### Instructions for the task
Reproduce, exactly and only, the lines of the data that follows from the one containing "Pūres muiža ap 1930.gadu..." down to the one containing "Arquitectura Popular Dominicana.", without pictures.

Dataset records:
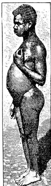
PYGMÉE provenant du livre Peuples et Races , de Deniker.

On remarquera la similitude des attitudes de ces deux sujets, tant au point de vue facial qu'abdominal et des membres inférieurs. Leur différence est dans le cou et provient de leur taille. Le myxœdémateux n'a que 0 m. 98, en raison d'une absence presque complète de la thyroïde ayant entraîné une déficience considérable des autres glandes. Le Pygmée mesure environ 1 m. 40, car son hypofonction thyroïdienne a été en partie compensée par le fonctionnement de ses autres glandes.
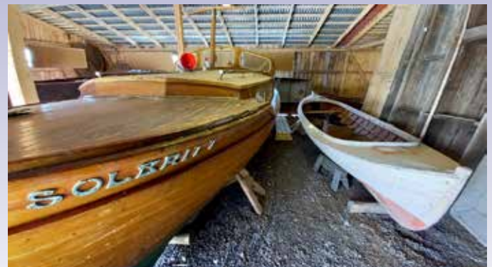
Båten SOLBRITT och Knutas boätin i båtmuseets båthall.

En förutseende båtförare stängde kranen som ledde in petroleum till förgasaren och öppnade i stället kranen som försåg förgasaren med bensin. Motorn stannade med bensin i förgasaren – och gissa om den blev villig att starta nästa gång föraren drog igång motorn! Man lär så länge man lever, men ett tydligt kännetecken som definitivt avgjorde
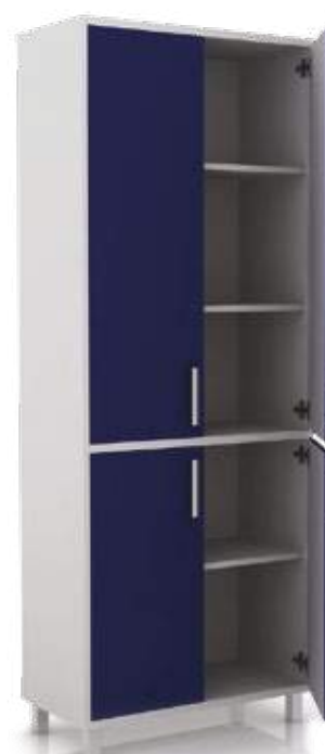
• шкаф для документов

Ширина Глубина Высота 450 мм 400 мм 2100 мм
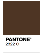
Rejected (Too Dark)
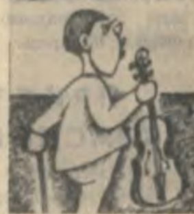
— У других дедушки и бабушки нормальные, а у меня — туристы.
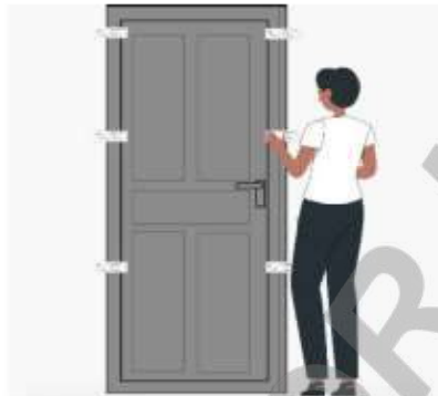
Imagen 3. Clausura y sellado de bodega electoral
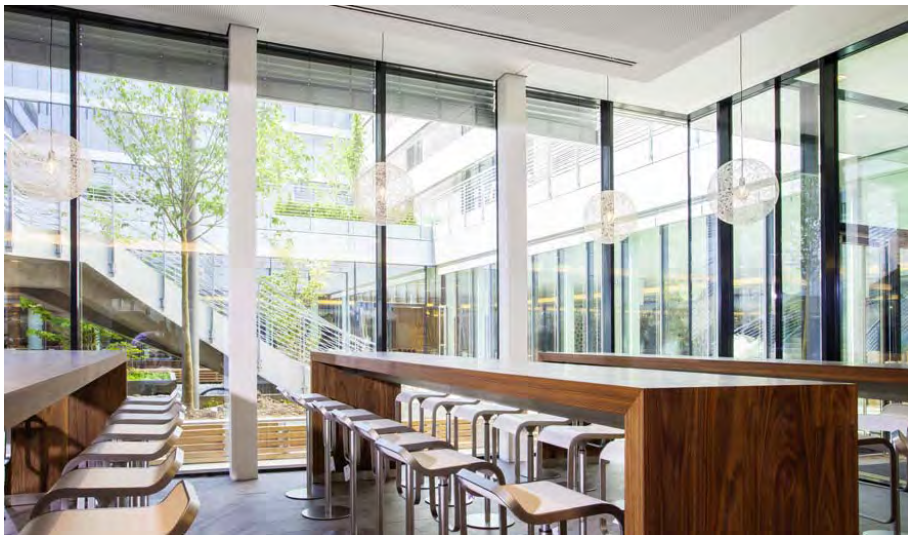
Bürokomplex MÜ 15_46923_09
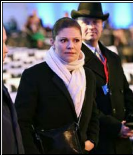
Victoria var på plats i Auschwitz under fjolårets minnesceremoni.
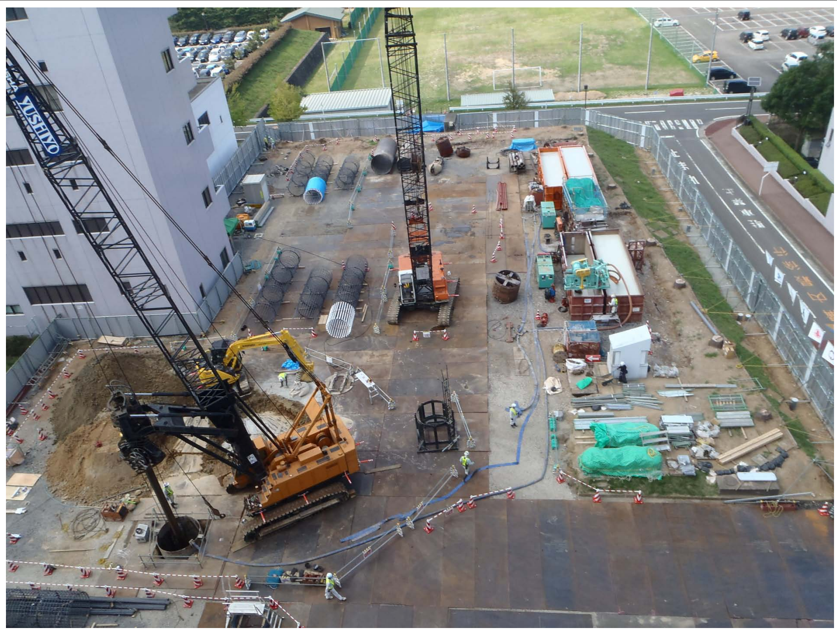
A棟の建設予定地では、杭打ち工事が始まりました。
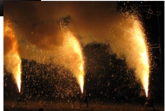
感動！ 山々に轟くみすぎの花火
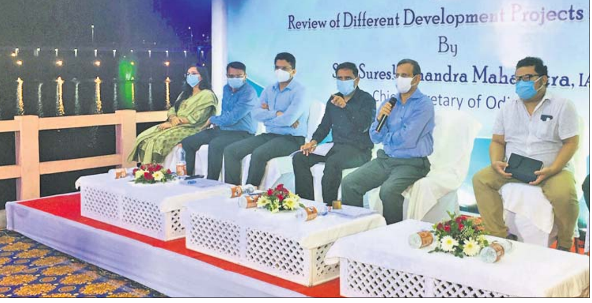
ରାମଲିଙ୍ଗମ ପାର୍କ ପରିସରରେ ଅନୁଷ୍ଠିତ ସମୀକ୍ଷା ବୈଠକରେ ମୁଖ୍ୟ ଶାସନ ସଚିବ ଓ ଅନ୍ୟ ଅଧିକାରୀମାନେ ।

ଭୁବନେଶ୍ୱର(ବୁଧବୋ)/ବ୍ରହ୍ମପୁର ଅତିସ/ ସୁଷ୍ମାଭାଗପୁର/ହିଂସିକାଗୁଡ଼ି(ଏ.ଏ.ଏ)୧୦।୯
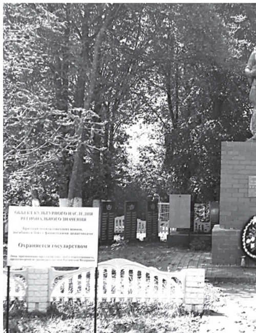
Братская могила в селе Красное
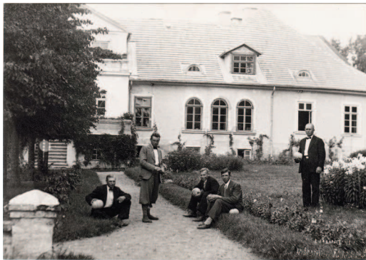
Pūres muiža ap 1930.gadu...

Projekts "Zudusī Latvija" ir viens no Latvijas atmiņas institūciju veiksmes stāstiem digitalizācijas jomā — tas guvis ļoti lielu sabiedrības ievēribu un rosinājis neticami daudz cilvēku aizrautīgi iesaistīties Latvijas pagātnes restaurācijā. Pateicoties tam dienasgaismu ieraudzījuši neskaitāmi unikāli objekti un no aizmirstības paglābtas vērtīgas pagātnes liecības. Projekta ideja aizrāvusi pat tos, kas līdz šim no digitalizācijas atturējušies, un rosinājusi gan bibliotēku, gan muzeju un citu institūciju aktivitāti savu resursu digitalizēšanā, tādējādi veidojot jaunus, interesantus un vērtīgus informācijas resursus.
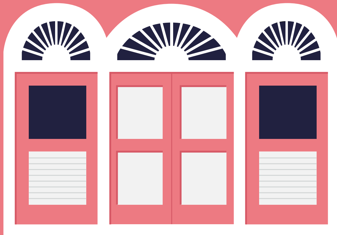
Arquitectura Popular Dominicana.
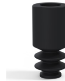
Variantenreferenz: 8 04NI A
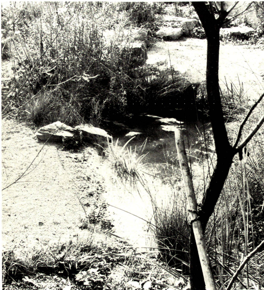
Einblicke in die wohnliche Garten-Natur zur Mehrfamilienhaus-Siedlung in Wollishofen/ZH. Gestaltung und Fotos: Dr. Dieter Kienast, Landschaftsarchitekt BSG, Zürich

The sand pit is now hardly ever used as the children have grown out of that age, and hardy herbaceous plants and shrubs have settled there. Beside it is a table-tennis tabletop which is used not so much for ping-pong as for games of hide and seek.

### Task solution
Pūres muiža ap 1930.gadu...

Projekts "Zudusī Latvija" ir viens no Latvijas atmiņas institūciju veiksmes stāstiem digitalizācijas jomā — tas guvis ļoti lielu sabiedrības ievēribu un rosinājis neticami daudz cilvēku aizrautīgi iesaistīties Latvijas pagātnes restaurācijā. Pateicoties tam dienasgaismu ieraudzījuši neskaitāmi unikāli objekti un no aizmirstības paglābtas vērtīgas pagātnes liecības. Projekta ideja aizrāvusi pat tos, kas līdz šim no digitalizācijas atturējušies, un rosinājusi gan bibliotēku, gan muzeju un citu institūciju aktivitāti savu resursu digitalizēšanā, tādējādi veidojot jaunus, interesantus un vērtīgus informācijas resursus.
Arquitectura Popular Dominicana.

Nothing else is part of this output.